December gives me headaches and diminishes my already small appetite. It makes me restless in my reading. It keeps me awake at night with its damp, chilly darkness. There is a clock inside me that starts to tick on the first of December, measuring the days, the hours and the minutes, counting down to a certain day, the anniversary of the day my life was made and then unmade: my birthday. I do not like December.
This year the sense of foreboding was made worse by the weather. A heavy sky hovered repressively over the house, casting us into an eternal dim twilight. I arrived back to find Judith scurrying from room to room, collecting desk lamps and standard lamps and reading lamps from guest rooms that were never used, and arranging them in the library, the drawing room, my own rooms. Anything to keep at bay the murky grayness that lurked in every corner, under every chair, in the folds of the curtains and the pleats of the upholstery.

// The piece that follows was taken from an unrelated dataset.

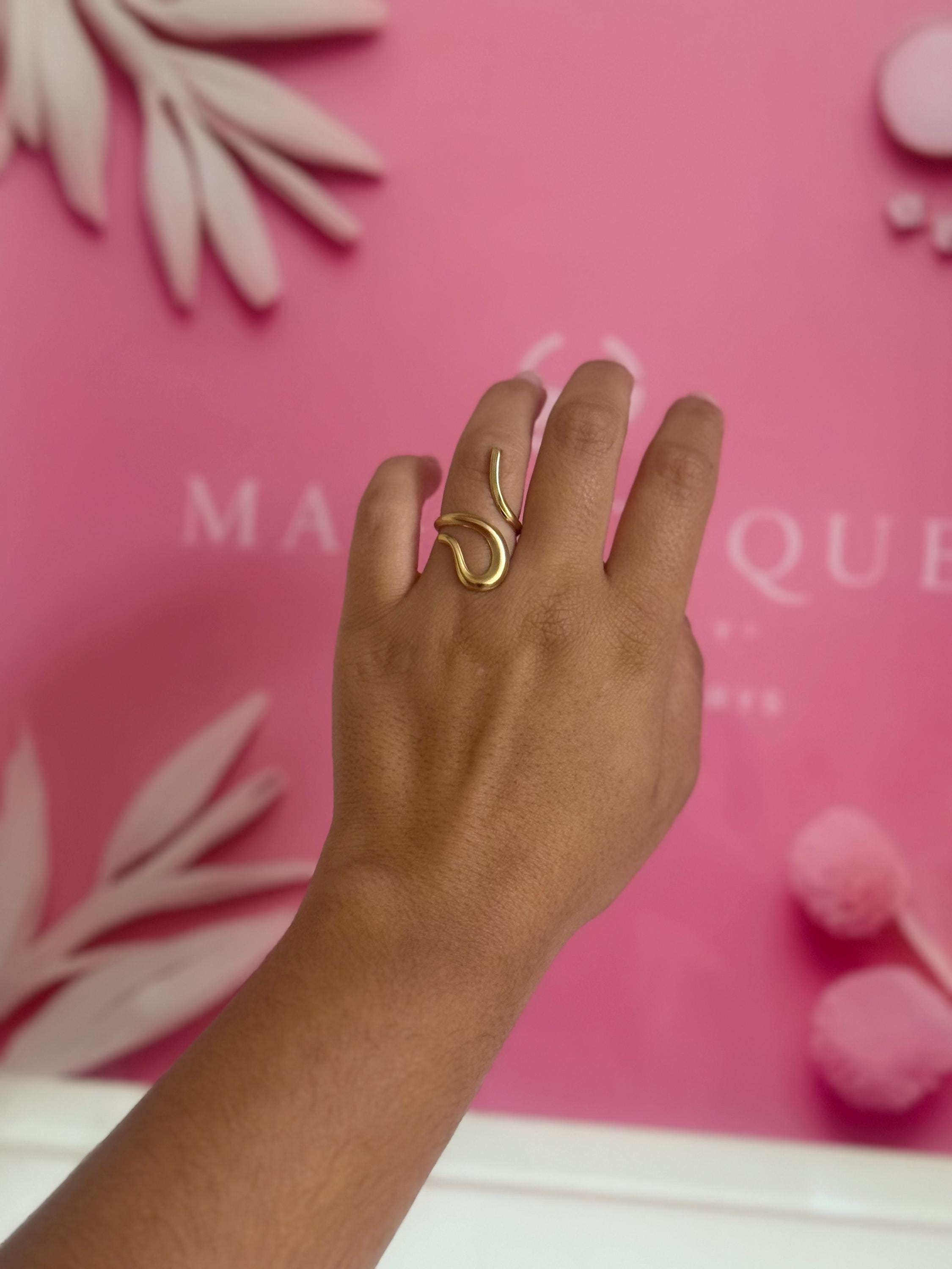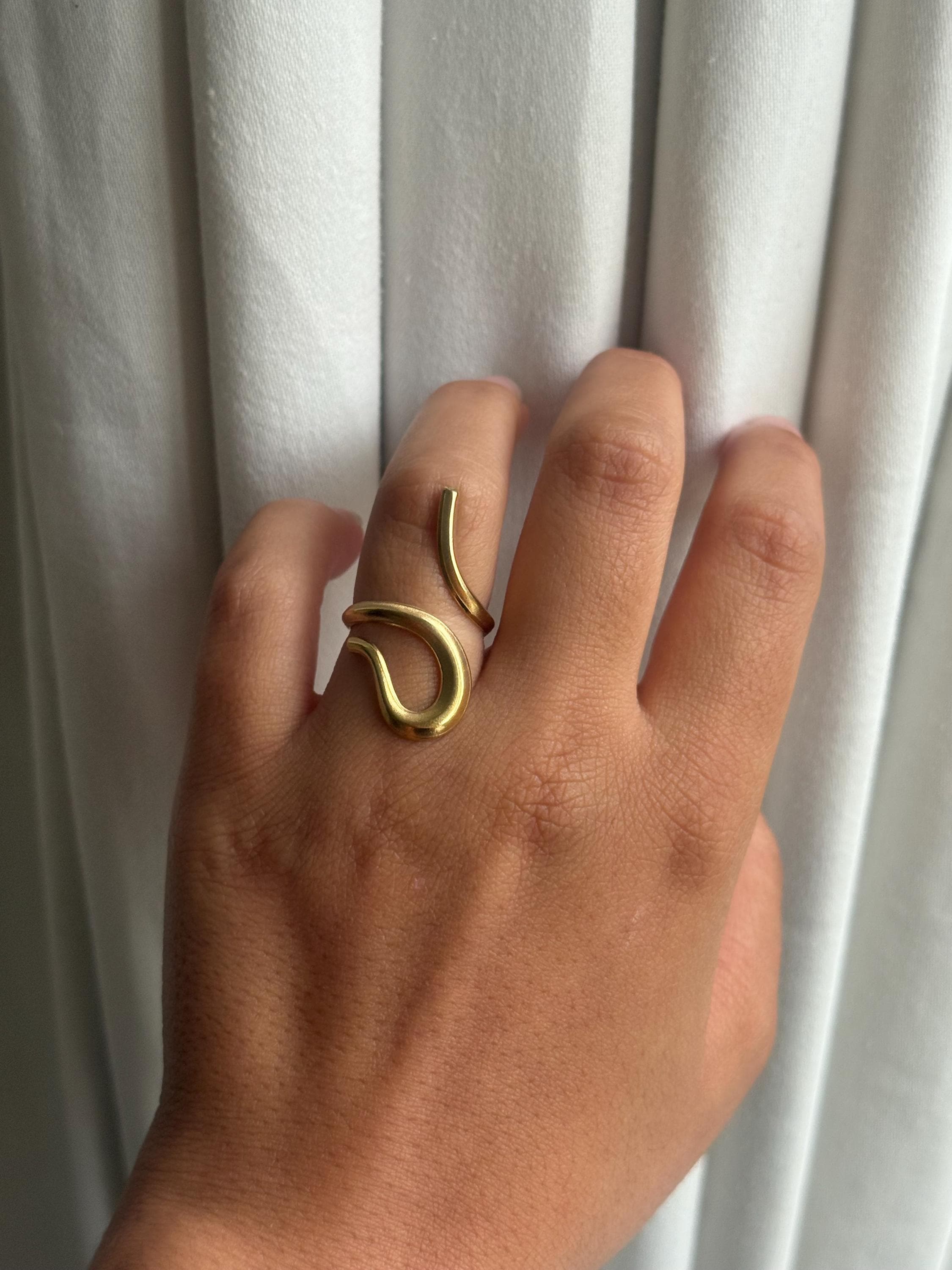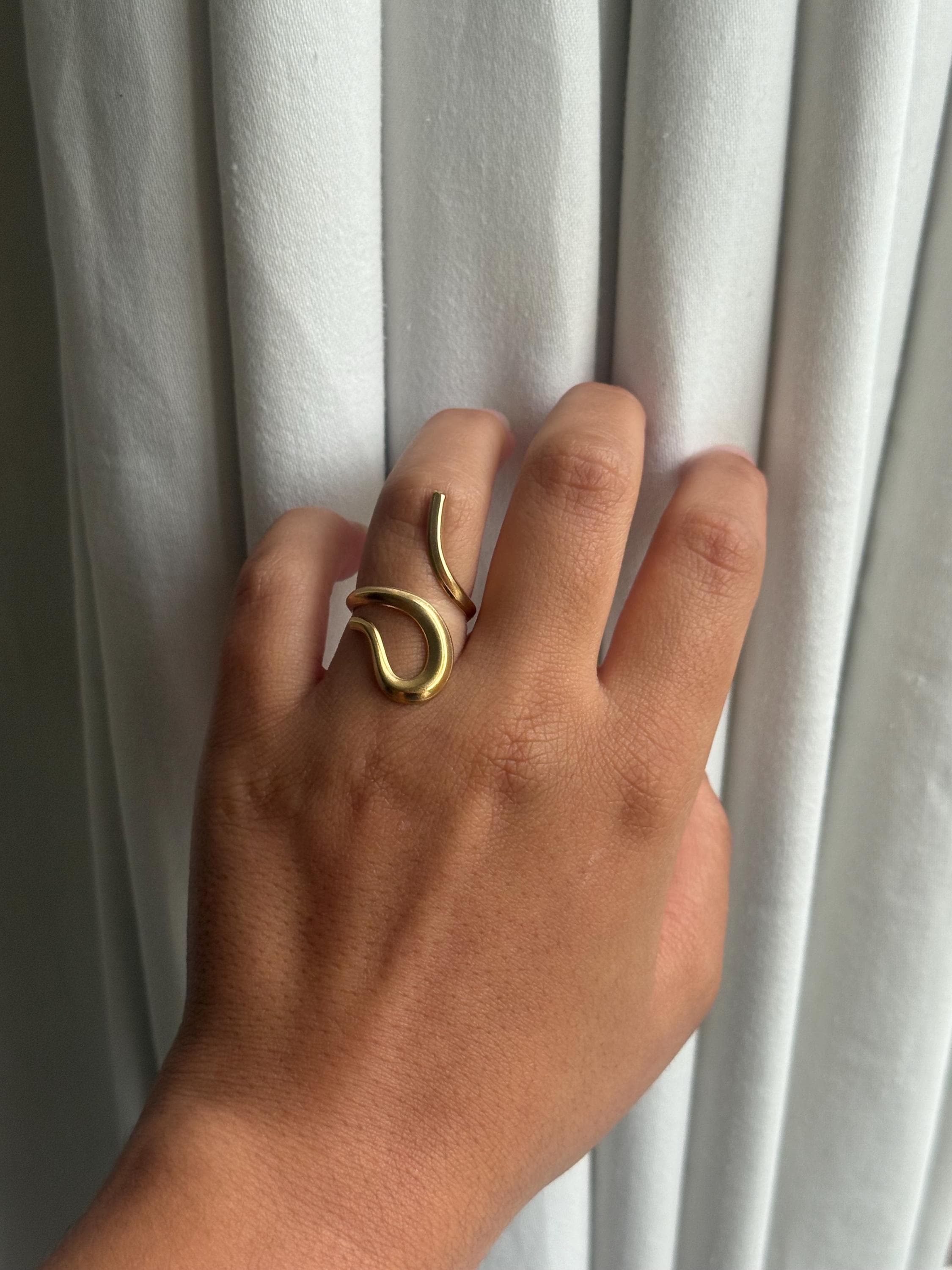 Key features: - Polished gold-tone stainless steel finish for a luxurious shine - Minimalist open design with a contemporary wave shape - Adjustable band for a perfect fit on most fingers - Lightweight, durable, and hypoallergenic – ideal for sensitive skin - Suitable for gifting or personal treat

Miss Winter asked no questions about my absence, nor did she tell me anything about the progression of her illness, but even after so short an absence, her decline was clear to see. The cashmere wraps fell in apparently empty folds around her diminished frame, and on her fingers the rubies and emeralds seemed to have expanded, so thin had her hands become. The fine white line that had been visible in her parting before I left had broadened; it crept along each hair, diluting the metallic tones to a weaker shade of orange. But despite her physical frailty, she seemed full of some force, some energy, that overrode both illness and age and made her powerful. As soon as I presented myself in the room, almost before I had sat down and taken out my notebook, she began to speak, picking up the story where she had left off, as though it were brimful in her and could not be contained a moment longer.